■ **RECORDS PROVIDED**
⁂
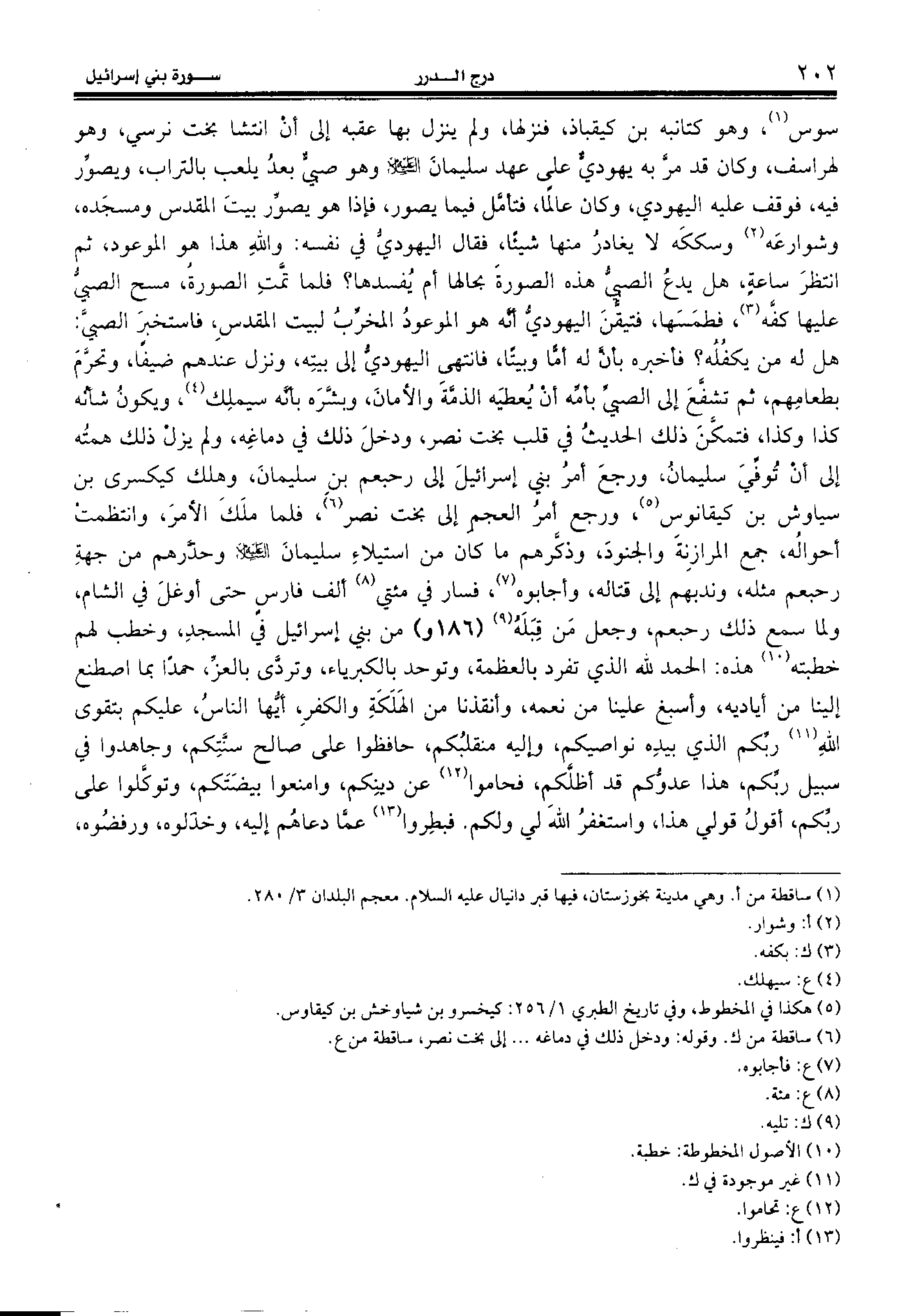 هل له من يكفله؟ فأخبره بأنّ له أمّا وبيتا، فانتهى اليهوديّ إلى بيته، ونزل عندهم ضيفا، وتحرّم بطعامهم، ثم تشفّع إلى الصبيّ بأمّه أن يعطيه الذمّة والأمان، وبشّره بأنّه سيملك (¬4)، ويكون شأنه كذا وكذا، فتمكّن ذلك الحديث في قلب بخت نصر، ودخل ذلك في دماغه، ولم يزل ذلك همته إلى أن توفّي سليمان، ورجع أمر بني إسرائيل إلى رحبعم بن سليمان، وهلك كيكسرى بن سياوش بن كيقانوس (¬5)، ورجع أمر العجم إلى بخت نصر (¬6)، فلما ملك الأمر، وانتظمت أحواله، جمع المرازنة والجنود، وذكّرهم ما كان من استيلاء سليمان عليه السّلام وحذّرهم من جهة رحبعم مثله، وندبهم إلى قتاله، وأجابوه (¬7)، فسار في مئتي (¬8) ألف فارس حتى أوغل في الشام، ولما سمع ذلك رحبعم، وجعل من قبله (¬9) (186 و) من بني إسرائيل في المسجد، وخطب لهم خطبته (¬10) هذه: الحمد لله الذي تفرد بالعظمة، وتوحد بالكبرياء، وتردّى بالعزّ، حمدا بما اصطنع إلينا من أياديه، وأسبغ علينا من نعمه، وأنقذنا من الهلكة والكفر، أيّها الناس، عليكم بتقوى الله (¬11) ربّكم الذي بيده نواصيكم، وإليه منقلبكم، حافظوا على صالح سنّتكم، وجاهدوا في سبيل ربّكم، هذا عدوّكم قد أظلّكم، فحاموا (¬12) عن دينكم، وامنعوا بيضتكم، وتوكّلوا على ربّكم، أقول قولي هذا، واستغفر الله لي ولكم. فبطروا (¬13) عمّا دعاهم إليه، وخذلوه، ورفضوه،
⁂
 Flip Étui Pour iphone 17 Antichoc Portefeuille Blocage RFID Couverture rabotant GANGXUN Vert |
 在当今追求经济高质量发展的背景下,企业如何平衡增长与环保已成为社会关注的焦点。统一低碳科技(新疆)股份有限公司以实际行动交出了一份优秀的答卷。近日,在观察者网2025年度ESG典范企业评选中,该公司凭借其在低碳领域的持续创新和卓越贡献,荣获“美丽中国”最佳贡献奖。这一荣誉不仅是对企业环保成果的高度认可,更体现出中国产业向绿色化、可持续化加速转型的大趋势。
⁂
Return only the stretch of the material above from the line holding "Flip Étui Pour" through the line holding "在当今追求经济高质量发展的背", copied exactly.

 Flip Étui Pour iphone 17 Antichoc Portefeuille Blocage RFID Couverture rabotant GANGXUN Vert |
 在当今追求经济高质量发展的背景下,企业如何平衡增长与环保已成为社会关注的焦点。统一低碳科技(新疆)股份有限公司以实际行动交出了一份优秀的答卷。近日,在观察者网2025年度ESG典范企业评选中,该公司凭借其在低碳领域的持续创新和卓越贡献,荣获“美丽中国”最佳贡献奖。这一荣誉不仅是对企业环保成果的高度认可,更体现出中国产业向绿色化、可持续化加速转型的大趋势。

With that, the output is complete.